The experiment of predicting classification accuracy uses the test set for model prediction. All methods are averaged after ten tests to draw a bar graph. The results are shown in Figure 17. The figure shows that ADCNN has the highest prediction accuracy at 100%, and ConvLSTM has the worst accuracy at 77.32%.

4.4.2. Performance Validation with Noise

In order to verify that the proposed method has adaptive anti-noise abilities in harsh production environments, white noise is added to the experiment to simulate the influence of noise on the prediction ability of the model. White noise is uniformly distributed noise and is defined as:

p (z) = \{\begin{array}{l} 1 / 2 & if - 1 \leq z \leq 1 \\ 0 & otherwise \end{array}

(19)

z is between −1 and 1.

The signal-to-noise ratio (SNR) of the original signal and the noise is calculated by the following equation:

{SNR = 10 \log}_{10} {[\frac{A_{signal}}{A_{noise}}]}^{2} (dB)

(20)

A_signal is the signal amplitude, A_noise is the noise amplitude, and the experiment design is 5 to 1, so the SNR is about 7 dB, indicating that the added white noise is a strong interference signal. Taking the X-axis vibration signal as an example, adding white noise results in Figure 18, showing that the original signal has been disturbed by noise, which slightly damages the original signal waveform.

The confusion matrices of the results of adding white noise are shown in Figure 19 and Figure 20, and the bar graph in Figure 21 shows the test accuracy of all comparison methods with added white noise. After ten experiments, the average of each method is calculated to create the bar graph. Figure 19 and Figure 21 show that ADCNN had four errors when predicting a normal machining tool. This indicates that there is a certain degree of adaptive anti-noise ability towards white noise, which can suppress the interference of the noise and reduce the decline of the model prediction accuracy. Figure 20 and Figure 21 show that the prediction accuracy of other comparative methods after adding noise had a larger decline than the method proposed in this paper, while CNN-LSTM had a smaller decline but lower accuracy. The results show that the proposed method is robust in a high-noise environment.

4.5. Discussion

This experimental design is a comparison between our proposed ADCNN method and four currently popular methods. The differences between an excessively worn dental milling cutter and a normal cutter are not very noticeable. Because of this, classification errors often occur; the prediction is that the cutter is normal when in fact it is worn. Our results show that ADCNN can accurately predict the difference between the normal cutter and the excessively worn cutter, whereas the other methods predict incorrectly. The addition of white noise reduced the accuracy of the proposed method from 100% to 99%, 1DCNN from 99.33% to 96.2%, LSTM from 99.05% to 94.1%, CNN-LSTM from 97.85% to 96.2%, and ConvLSTM from 77.32% down to 72.75%. The results show that, with or without noise interference, the proposed method has the highest prediction accuracy and adaptive anti-noise ability compared with the other methods.

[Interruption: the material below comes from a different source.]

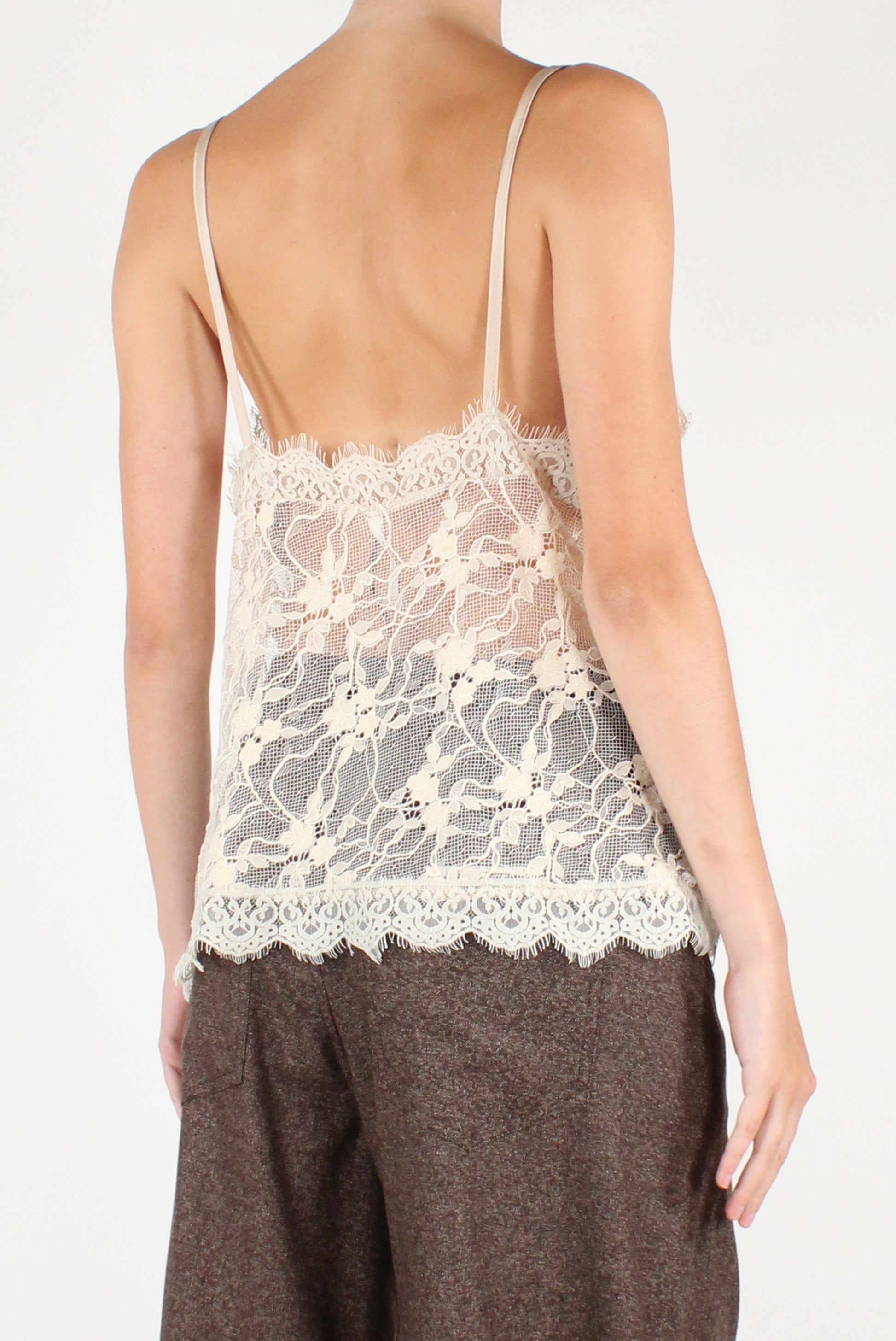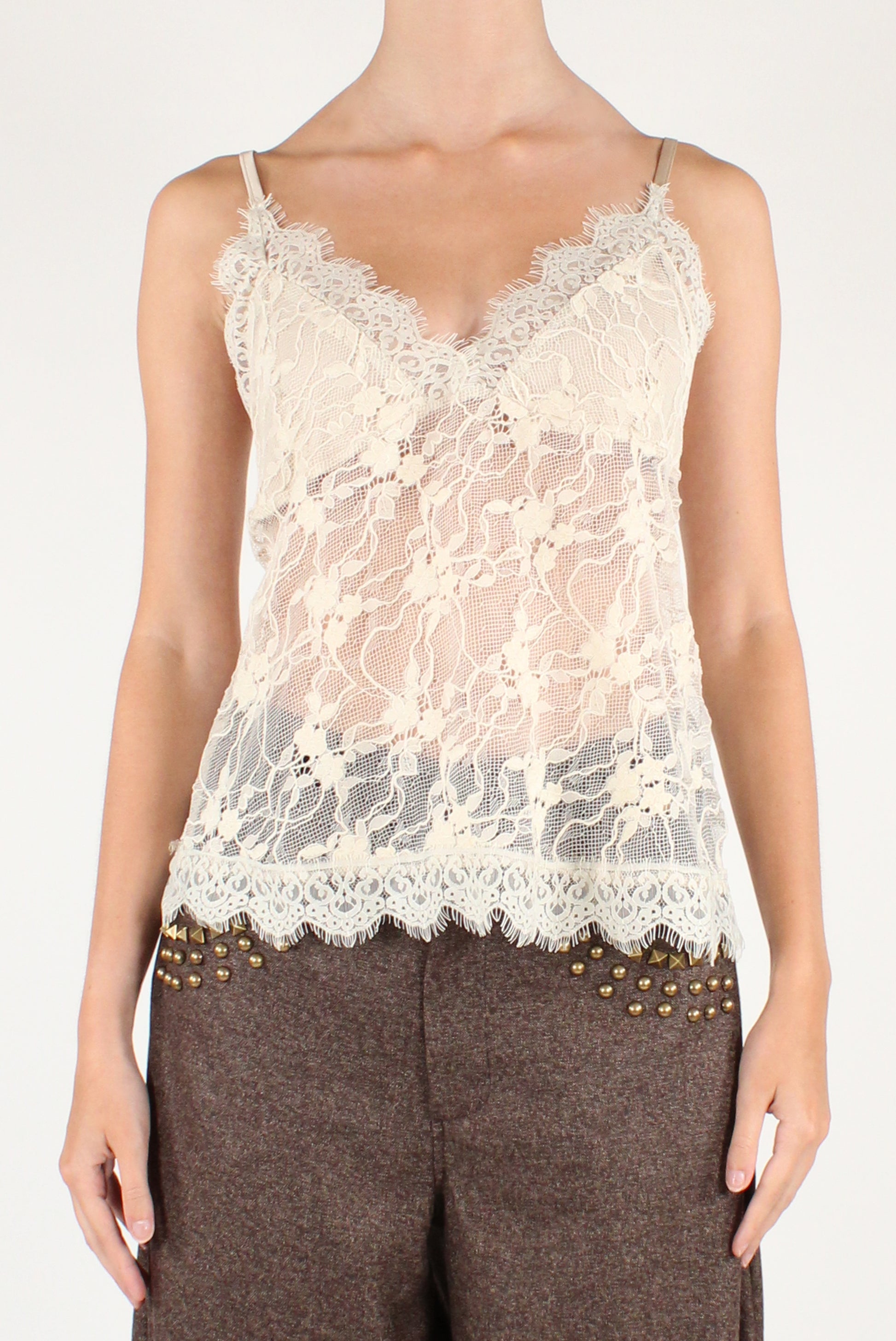 Top smanicato in pizzo. Elasticizzato, semi foderato.

Experiments show that fusion architecture and multi-sensing data’s feature extraction mechanism not only obtains subtler features but model classification accuracy is also improved through different physical signal characteristics. A white noise simulation model with an SNR of 7 dB is added to the adaptive ability of noise in the interference field of this experiment. The final classification accuracy is higher than other models, and it can also effectively classify normal tools and worn tools with minuscule characteristic differences. The traditional method requiring experts to de-noise the signal first and then extract features can also be bypassed, as some useful features may be lost during the de-noising process.

Furthermore, for model prediction robustness, Figure 12, Figure 13 and Figure 14 show that overfitting can be avoided with the proposed method. In comparison with other methods, the feature learning ability also has significant improvement. Feature fusion methods can improve the robustness and reliability of fault diagnosis.

5. Conclusions

This paper proposes a fault diagnosis method for rotating machinery based on adaptive multi-level input features, which can enhance the robustness of model prediction in complex noise environments. A dental milling machine is used to carry out the experiment of predicting tool classifications. The results show that, without the addition of white noise, the proposed ADCNN model can accurately predict the classification of four tools in the experiment. In comparison with the other four methods, ADCNN has the highest classification accuracy. The prediction error mostly misjudged tools as normal when they were in fact worn; this shows us that the feature differences between the normal and wear of the tools of the dental milling machine are subtle. This is also one of the key issues currently encountered in the dental milling process. The proposed method can accurately classify the normal and wear of the tool. In order to verify the robustness of the model, white noise was added to conduct experiments. The classification accuracy of the proposed method is as high as 99%, and it has a higher anti-noise ability than other control methods. It is able to realize adaptive multi-level fusion enhancement features and achieve robustness, making up for the shortcomings of traditional predictive fault classification and diagnosis methods.

Author Contributions

Research methodology, M.-H.C. and S.-L.C.; conducting experiments, M.-H.C.; resources, Y.-J.C.; writing manuscript preparation, M.-H.C.; writing the paper and editing, M.-H.C., Y.-S.L. and Y.-J.C.; supervision, S.-L.C. All authors have read and agreed to the published version of the manuscript.

Funding

This research received no external funding.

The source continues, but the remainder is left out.